A former astronaut's rocket company is raising money via Kickstarter to make a short documentary that explains the technology behind a propulsion system that could fly people to Mars in just over a month.

"Our goal is to produce a full-length video, full of stunning animations that describe the way in which we intend to use our technology to transform space transportation," Franklin Chang-Diaz, a retired NASA astronaut and the founder of the company Ad Astra, says in a video describing the Mars rocket documentary.Chang-Diaz earned a doctorate in plasma physics from MIT before he became an astronaut in 1980 and flew on seven space shuttle missions. He founded Ad Astra in 2005 to work on VASIMR, the Variable Specific Impulse Magnetoplasma Rocket.

The engine uses electric power and magnetic fields to create a stream of superheated plasma with steady and efficient thrust, building up speed over time. In theory it could carry a crewed mission to Mars in fewer than 40 days, advocates say. But as Ad Astra's Kickstarter video explains, VASIMR could also bring greater efficiency to missions to capture or deflect asteroids, clean up space junk or reboost orbiting outposts like the International Space Station.
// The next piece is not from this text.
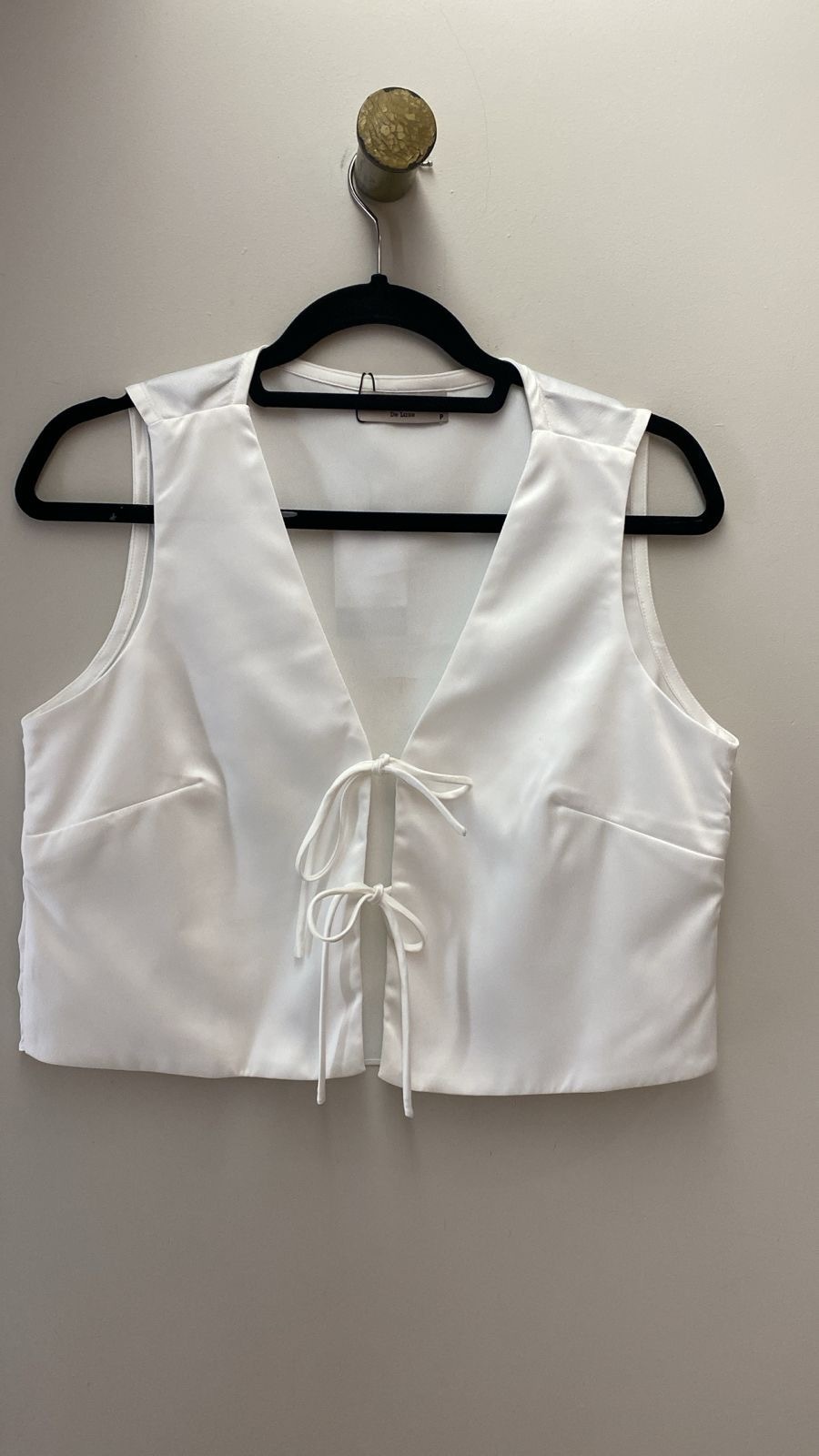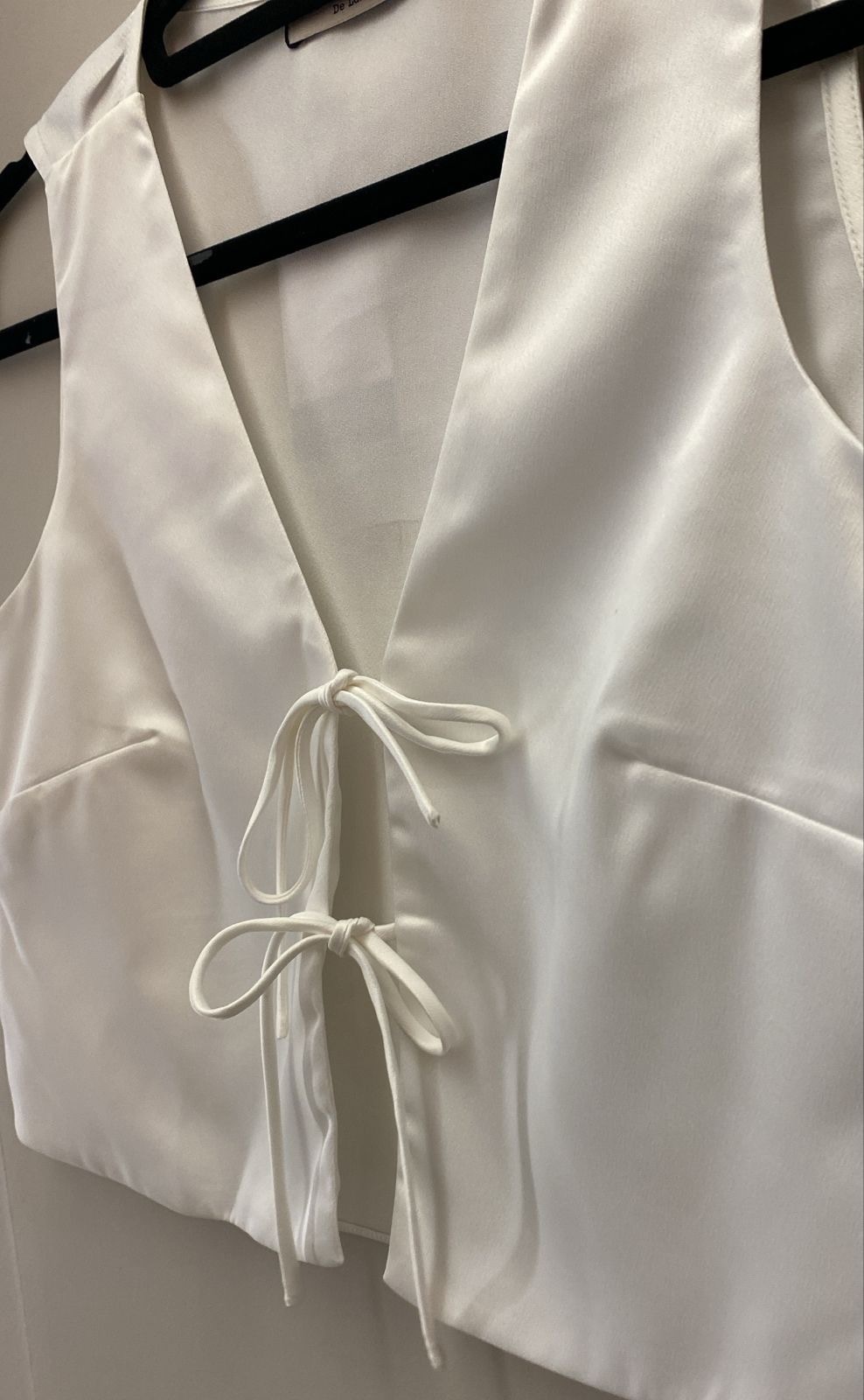 Conjunto em cetim branco com blusa com amarrações.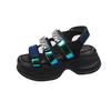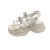 Modne Damskie Letnie Sandały na Platformie Błyszczące Oddychające Koturny 9CM Obcasy Damskie Kryształowe Klapki Plażowe Grube Buty Sandalias Mujer

Private rocket company Ad Astra is working on a propulsion system that could make future space missions more efficient.
Private rocket company Ad Astra is working on a propulsion system that could make future space missions more efficient.
Credit: Ad Astra

 

Ad Astra's Kickstarter campaign has gone well. With five days left, the company has already surpassed its $46,000 target, garnering more than $53,000 in pledges as of early Tuesday morning (Aug. 6).